The issue of the “missing” since the events of the dispersal of Rabaa al-Adawiya and al-Nahda Squares, the Republican Guard, and various other clashes, despite the passage of seven years, continues without any attempts by the Egyptian authorities to clear their fate, and to indicate whether they passed away or are still alive. In light of the emergence of a number of forcibly disappeared persons after years long periods of enforced disappearance indicates the possibility of these individuals being held inside unofficial detention facilities.

On July 24, 2020, “Ahmed Abdel-Azim Al-Damliji” appeared after an enforced disappearance of more than three years. “Al-Damliji,” who was working as an employee of the Egyptian-German Company in Sadat City in Menoufia Governorate, was arrested on April 25, 2017 from Sunsaft village of the Center of Menouf, and nothing was known about his whereabouts. The family took all legal measures to demand the relevant authorities to reveal the place of his detention, but to no avail, until the noon of July 24, 2020, when he appeared in front of the Menouf Prosecution office after a forcible disappearance of 39 months.

The campaign also documented the appearance of “Omar Hatem Sayed Ibrahim” after an enforced disappearance that lasted for more than a year and eight months when he appeared before the Supreme State Security Prosecution on April 16, 2020 pending case 58 of 2020, accused of belonging to a banned group and disturbing the public peace. We note that Omar and his brother “Nour El Din Hatem Sayed Ibrahim” were arrested on 18 August 2018 from their home in Giza Governorate, and they were taken to an unknown destination, and “Nour El Din Hatem” is still under enforced disappearance until now

Also, “Abdullah Al-Sayed Ahmed Mohamed” appeared for the first time after a year and a half of disappearance. “Abdullah” disappeared from his detention in the Fayoum Police Department on November 23, 2018 while awaiting the completion of his release procedures. The Fayoum Police Department denied his presence, and he remained under enforced disappearance until he appeared before the Supreme State Security Prosecution on April 25, 2020, as a defendant in Case 539 of 2020.
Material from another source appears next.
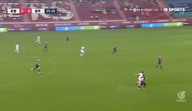 제대로 된 패스나 경합이 불가능해 보이는 그라운드에서 양 팀은 물러서지 않고 부딪쳤다. 펠리페가 전방에서 적극적으로 몸싸움을 펼쳤고, 포항 일류첸코 역시 넓은 범위를 커버하며 압박을 가했다. 특히 전반 초반 날카로운 펠리페의 헤더는 살짝 골대를 벗어났다. 하지만 전반 17분 만에 이광혁이 부상을 당해 심동운이 투입됐고, 김기동 감독은 계획에 없던 교체 카드를 사용했다. 자신감을 되찾은 광주는 한희훈, 박정수가 적극적으로 슈팅을 시도하며 골을 노렸다. 특히 전반 34분 펠리페의 단독 돌파 후 내준 공을 박정수가 다이렉트로 슈팅했지만 골대를 맞고 나오며 아쉬움을 남겼다. 다시 포항이 주도권을 되찾아 경기를 리드했지만, 광주는 단 한 번의 기회를 놓치지 않고 선제골을 뽑았다. 후반 16분 골대 앞에서 윌리안이 흐른 공을 따내려다 김광석과 충돌하며 PK를 얻었다. 미끄러운 그라운드의 영향으로 김광석이 주춤한 틈을 노린 것이다. 펠리페는 침착하게 강현무의 손끝이 닿지 않는 구석으로 페널티킥을 시도해 선제골을 기록했다.

Targeting families of the forcibly disappeared

The definition of the International Convention for the Protection of All Persons from Enforced Disappearance of the Victim was not limited to the forcibly disappeared person, but also the families of the forcibly disappeared, who were also considered victims in view of the harm that is inflicted on them. The victim was defined as the disappeared person and every natural person who suffered direct harm as a result of this enforced disappearance.

Relatives and families of the forcibly disappeared suffer the same degree of oppression that falls on the victims themselves as a result of enforced disappearance. The harm and suffering that the families of the disappeared endure is not limited to the painful search for the disappeared person and the fear and horror they feel over the fate of their relatives, and whether or not they are still alive, but rather this suffering extends most of the time to economic hardship in the family, which is greatly affected if the disappeared person is the breadwinner of the family, and as a result of the increase in the cost of living, which violates the family’s right to a decent living, in addition to the expenses that the family undertakes in its journey to search for its forcibly disappeared member.

Over the course of five years, the campaign documented various forms of targeting families, perhaps the most prominent of which was the exposure of a number of family members to enforced disappearance at the same time, for no reason other than having been present at the time of the security campaign of using arbitrary arrests and detention of people without any legal basis, regardless of their involvement in any action.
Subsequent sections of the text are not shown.